[Exercise input Boundary: Start]
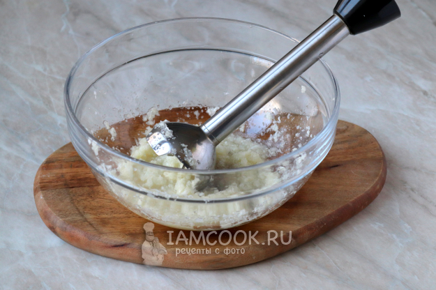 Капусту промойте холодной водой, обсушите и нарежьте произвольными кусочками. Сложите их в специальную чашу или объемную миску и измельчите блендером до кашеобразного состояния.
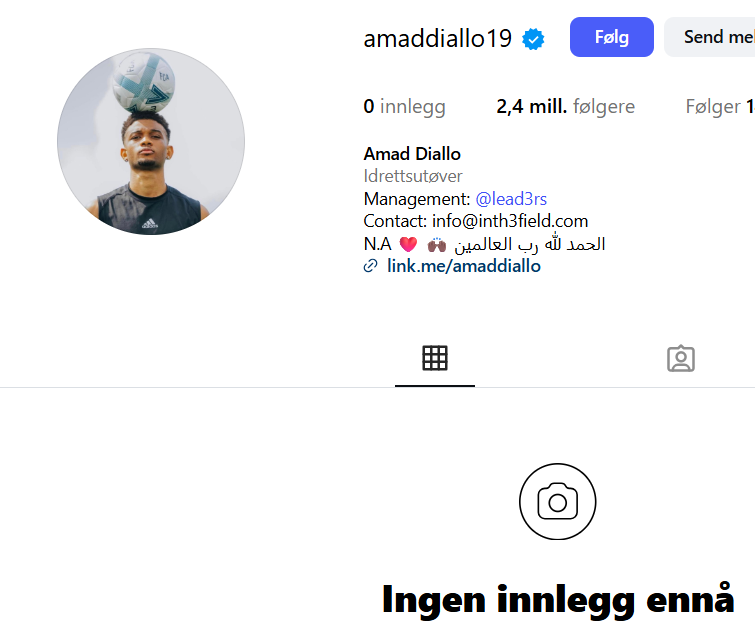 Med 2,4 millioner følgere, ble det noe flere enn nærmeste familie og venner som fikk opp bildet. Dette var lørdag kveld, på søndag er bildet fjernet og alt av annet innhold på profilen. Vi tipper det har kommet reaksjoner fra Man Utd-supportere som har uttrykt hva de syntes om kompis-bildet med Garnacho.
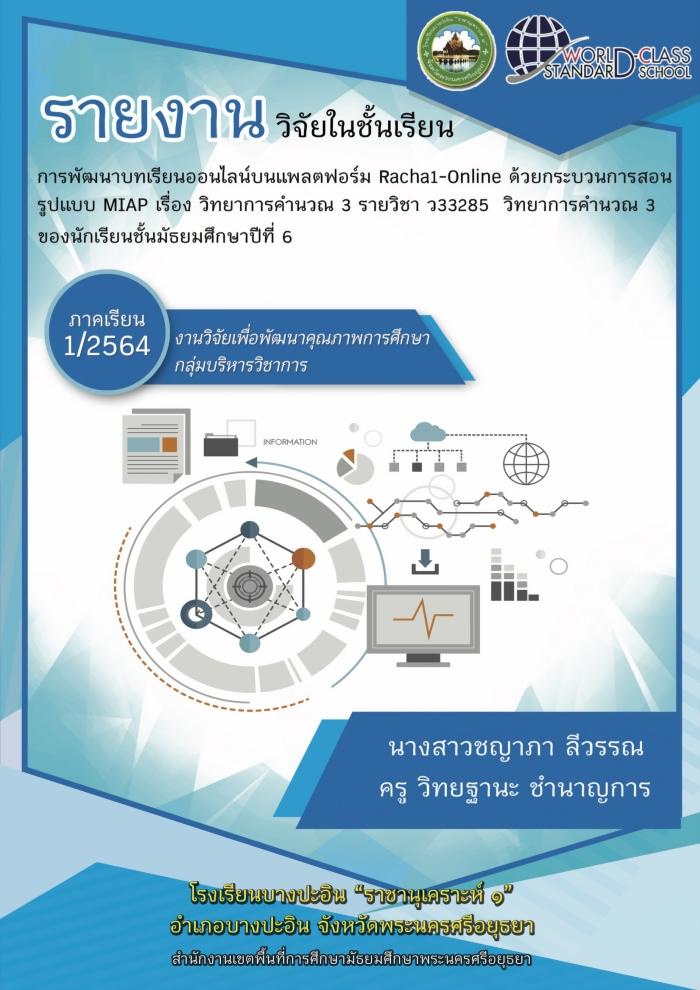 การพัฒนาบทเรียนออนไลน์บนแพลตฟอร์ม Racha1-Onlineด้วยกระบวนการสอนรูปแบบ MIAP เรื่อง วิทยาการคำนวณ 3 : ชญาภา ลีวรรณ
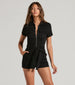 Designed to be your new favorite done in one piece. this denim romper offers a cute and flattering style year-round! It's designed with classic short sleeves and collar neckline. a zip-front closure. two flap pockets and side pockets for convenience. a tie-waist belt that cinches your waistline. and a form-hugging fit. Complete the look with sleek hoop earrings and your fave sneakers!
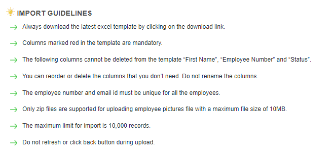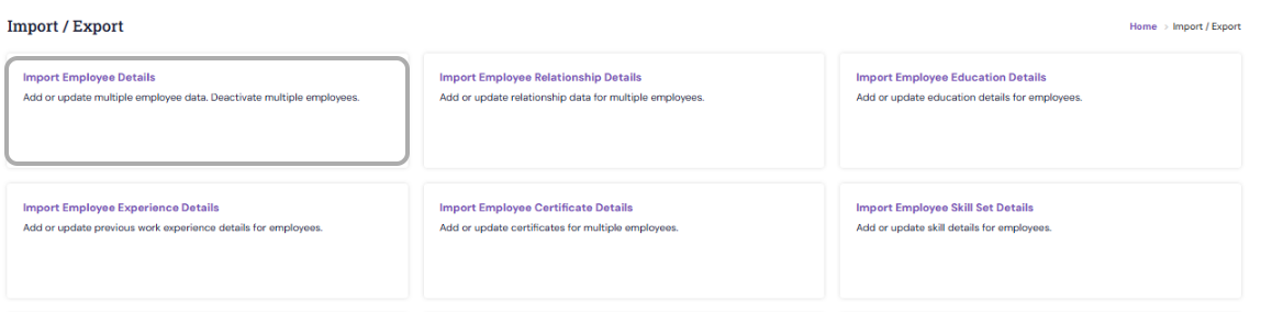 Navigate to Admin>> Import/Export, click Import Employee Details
[Exercise input Boundary: End]
* [Your goal]
The required response consists solely of the lines from the line containing "3 : ชญาภา ลีวรรณ" through the end of the listing, both ends included, copied exactly without pictures.

* [Reply to the task]
 การพัฒนาบทเรียนออนไลน์บนแพลตฟอร์ม Racha1-Onlineด้วยกระบวนการสอนรูปแบบ MIAP เรื่อง วิทยาการคำนวณ 3 : ชญาภา ลีวรรณ
 Designed to be your new favorite done in one piece. this denim romper offers a cute and flattering style year-round! It's designed with classic short sleeves and collar neckline. a zip-front closure. two flap pockets and side pockets for convenience. a tie-waist belt that cinches your waistline. and a form-hugging fit. Complete the look with sleek hoop earrings and your fave sneakers!
 Navigate to Admin>> Import/Export, click Import Employee Details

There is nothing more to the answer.